## WHAT TO DO
Restate the listing below word for word, omitting any images.

## RECORDED DATA
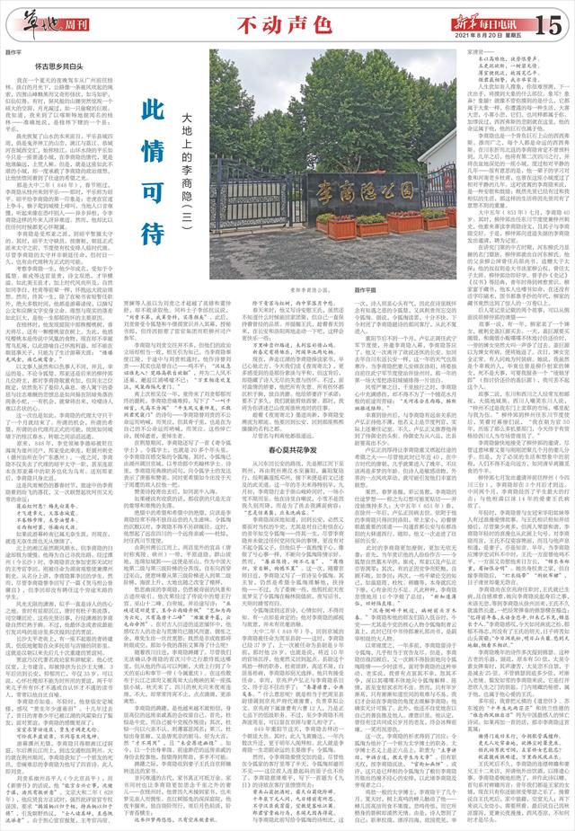 李商隐也是一个背负巨石上山的西西弗斯。推而广之,每个人都是命运的西西弗斯。在川东折而北返的李商隐肯定不曾预料到,几年之后,他将有第二次四川之行,并将在盆地深处的一座小城,度过相对平静的几年——很有意思的是,他一辈子的学习对象和河南老乡杜甫,也曾在这座小城度过了相对平静的几年。这对流寓的李商隐来说,是一种安慰和鼓励:既然先贤已经有过和我相似的生活,那这样的生活将因先贤而有了意想不到的重量。
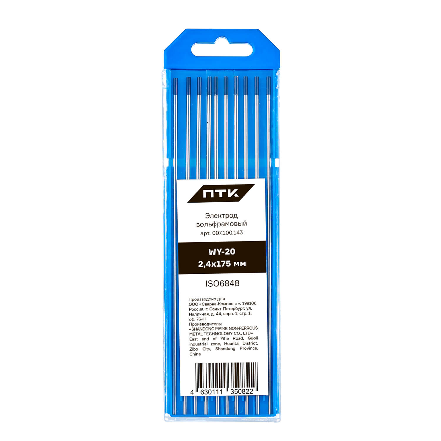 Диаметр электрода 2,4 мм, длина электрода 175 мм. Вольфрам имеет синий цветовой код. Поставляется в пластиковом пенале по 10 штук. В карточке с товаром указана цена за 1 вольфрамовый электрод.
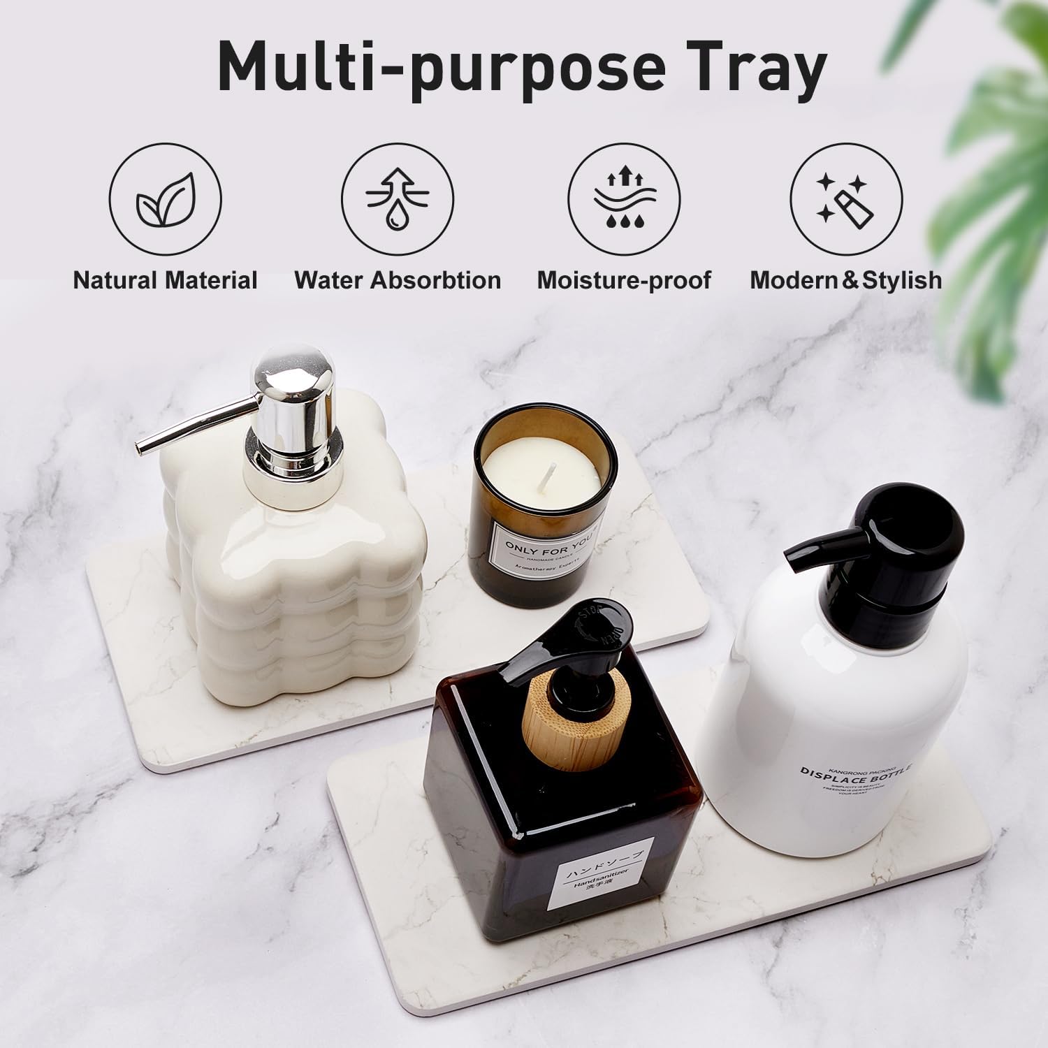 - QUICK DRYING SINK TRAY: Our instant drying stone is made of absorbent ceramic, the water-absorbing properties of the stone ensure that any excess water that may drip from your soap/hands is absorbed efficiently, helping keep your countertop clean and dry.

## RESPONSE BOX
 李商隐也是一个背负巨石上山的西西弗斯。推而广之,每个人都是命运的西西弗斯。在川东折而北返的李商隐肯定不曾预料到,几年之后,他将有第二次四川之行,并将在盆地深处的一座小城,度过相对平静的几年——很有意思的是,他一辈子的学习对象和河南老乡杜甫,也曾在这座小城度过了相对平静的几年。这对流寓的李商隐来说,是一种安慰和鼓励:既然先贤已经有过和我相似的生活,那这样的生活将因先贤而有了意想不到的重量。
 Диаметр электрода 2,4 мм, длина электрода 175 мм. Вольфрам имеет синий цветовой код. Поставляется в пластиковом пенале по 10 штук. В карточке с товаром указана цена за 1 вольфрамовый электрод.
 - QUICK DRYING SINK TRAY: Our instant drying stone is made of absorbent ceramic, the water-absorbing properties of the stone ensure that any excess water that may drip from your soap/hands is absorbed efficiently, helping keep your countertop clean and dry.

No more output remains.